Friday, March 22, 2013

Publicity, Solution to Puzzle, Over 8,500, and Funny Typos

The Pre-Shortzian Puzzle Project has received some more great publicity in the past couple of weeks!  Will Shortz's 2013 American Crossword Puzzle Tournament page linked to this blog, and litzer Jeffrey Krasnick mentioned the project in a comment on Amy Reynaldo's Diary of a Crossword Fiend.  Then Rex Parker (who, together with Matt Gaffney, will be discussing pre-Shortzian puzzles on this site in the near future) wrote about the project in his blog.  Thanks so much, everybody!

In other news, the solution to the Dorothea E. Shipp puzzle I posted on Scribd last week is now available—click here to see it.

Even though the second litzing contest has long since ended, we've continued to make excellent progress!  Denny Baker sent in several batches of puzzles that almost brought us to 8,500, and then on Tuesday, Jeffrey Krasnick put us over this major milestone!  We're currently sending out packets from March 1971, which is mind-blowing!

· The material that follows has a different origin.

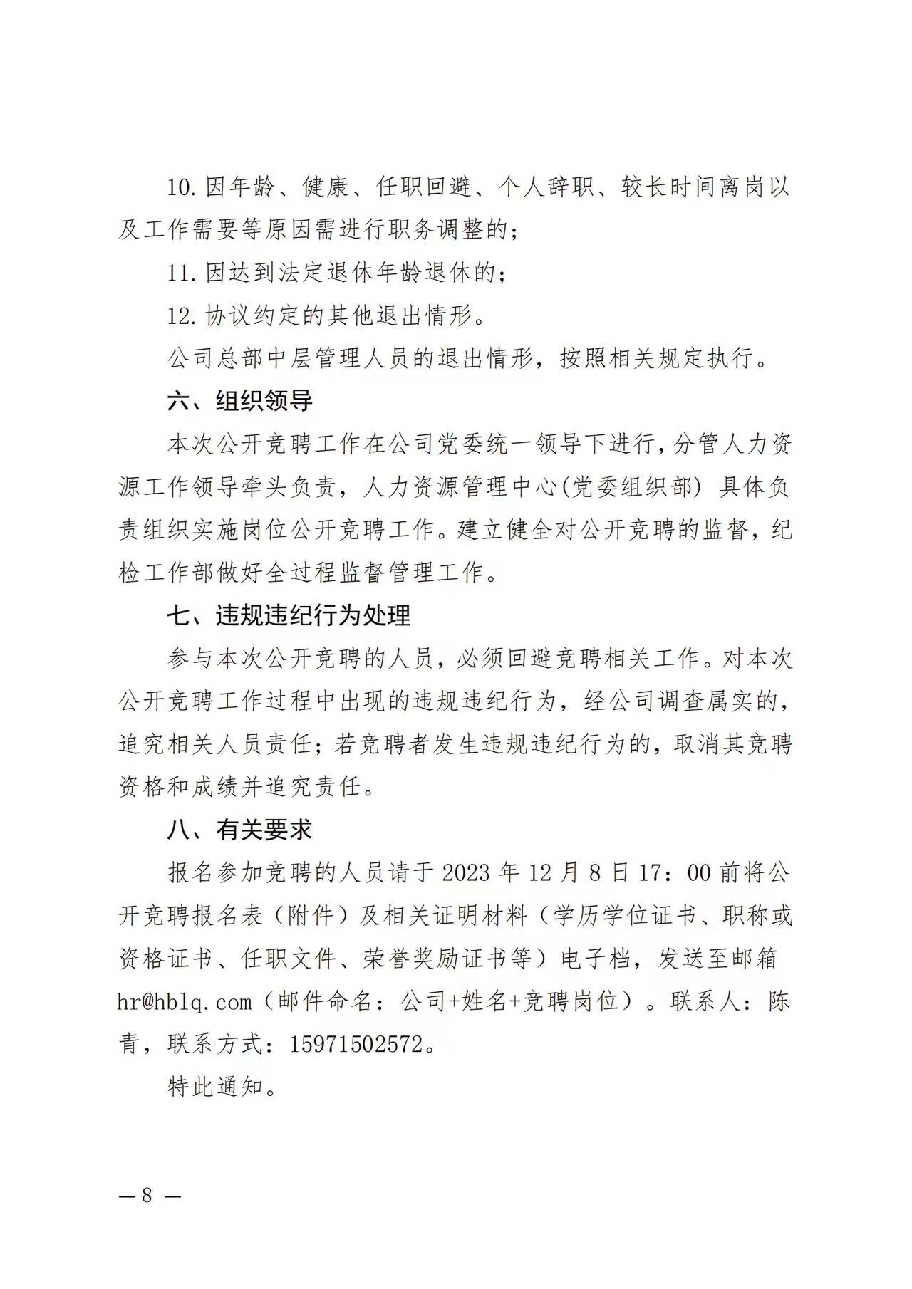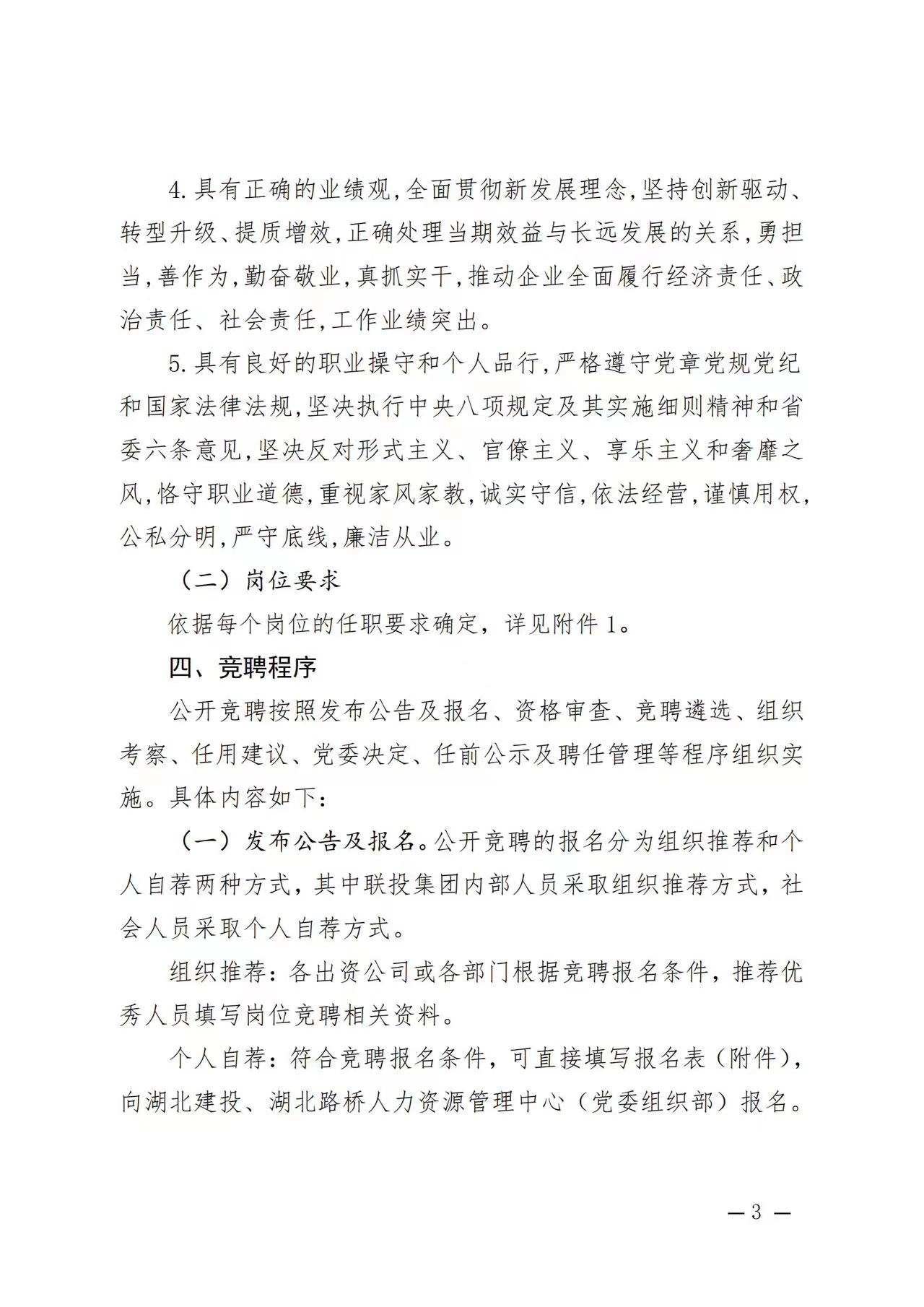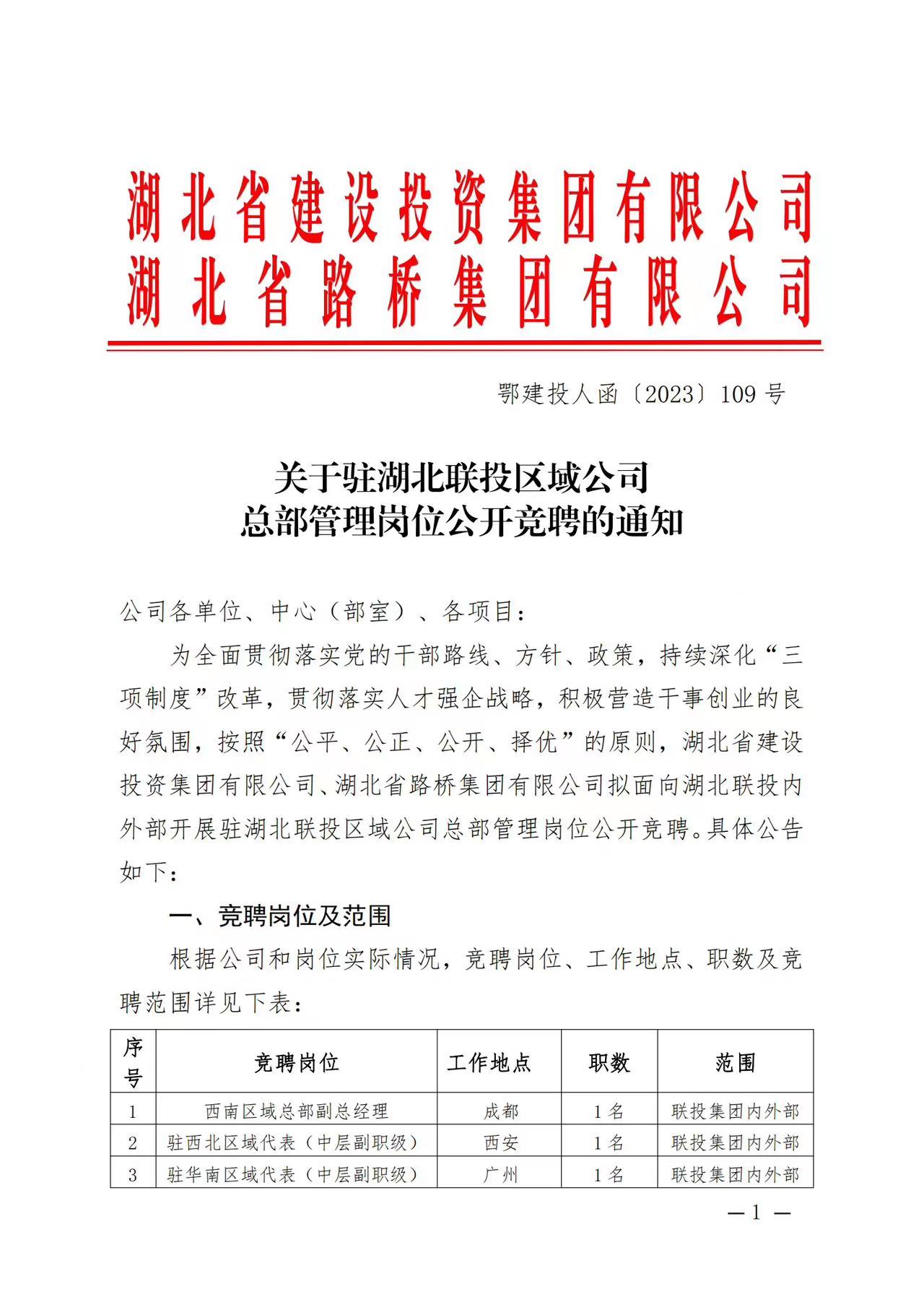 關于駐湖北聯投區域公司總部管理崗位公開競聘的通知

Before I get to the puzzle of the day, here are ten more funny typos our proofreaders have caught, which I've listed below in a new format:
  • Entry:  DOWSE
    • Right:  Use a divining rod
    • Wrong:  Use a diving rod
  • Entry:  ARAL
    • Right:  Caspian's eastern neighbor
    • Wrong:  Caspian's easter neighbor
  • Entry:  NUTMEGS
    • Right:  Some spices
    • Wrong:  Some species
  • Entry:  SHOE 
    • Right:  Kind of shine
    • Wrong:  Kind of shrine
  • Entry:  ROSE
    • Right:  Stein's flower
    • Wrong:  Stein's follower
  • Entry:  NERD
    • Right:  A real drip
    • Wrong:  A real dip
  • Entry:  NEU
    • Right:  Modern, in Mannheim
    • Wrong:  Modem, in Mannheim
  • Entry:  HERS
    • Right:  Towel word
    • Wrong:  Towel world
  • Entry:  LEA
    • Right:  Yarn measure
    • Wrong:  Yam measure
  • Copyright field (my personal favorite)
    • Right:  Will Weng
    • Wrong:  Willy Weng
Today's featured puzzle was constructed by Elaine D. Schorr.  I've seen lots of great Will Weng–edited crosswords by this constructor, many of which are lovely minithemes crammed into wide-open themeless grids.  Originally published on January 1, 1974, and recently litzed by Mark Diehl, this outside-the-box crossword features four simple math problems that lead to the digits 1, 9, 7, and 4, to kick off the year 1974!  It's very rare to see math in crossword puzzles, period (outside of the dreaded Roman numeral clues), let alone in pre-Shortzian puzzles.  This may in fact be the earliest puzzle to use math in a crossword!  The constructor not only included the four (albeit a bit forced) 15-letter math problems but also managed to make the fill quite clean.  I especially like the entries NO-HOW, SEES RED, and EDGES UP.  The puzzle does have its share of crosswordese (EVOE, RUGA, ORRA, TANO, etc.).  Nevertheless, this is a very creative and clever pre-Shortzian puzzle!  The answer grid (with highlighted theme entries) can be seen below:

Today's featured pre-Shortzian entry, HAMMERFEST, originally appeared in the April 8, 1972, crossword (constructor unknown), which was recently litzed by Todd McClary.  According to the Ginsberg database, HAMMERFEST has never been reused in a Shortz-era puzzle.  The original clue for HAMMERFEST was "Europe's northernmost city."  Merriam-Webster gives a much more detailed description of the town:
Northernmost town in Europe (pop., 2007: 9,391), on the island of Kvaløya, northwestern Norway. It was chartered in 1789, but most of it was destroyed by fire in 1891. Norway's first municipal hydroelectric station was built with its reconstruction. Germans occupied the town (1940–44); on their withdrawal, they blew up the installations and evacuated the population. The town has since been rebuilt. Despite its latitude, its harbour is ice-free year-round because of the warming North Atlantic Current. The sun shines continuously between May 17 and July 29, and there is no sunlight from November 21 to January 21. Tourism and fish-oil processing are important economically.
Even though Hammerfest isn't the most well-known Norwegian town, it sounds awesome and looks beautiful!  Below is a panoramic picture of Hammerfest:

Image courtesy of Wikipedia.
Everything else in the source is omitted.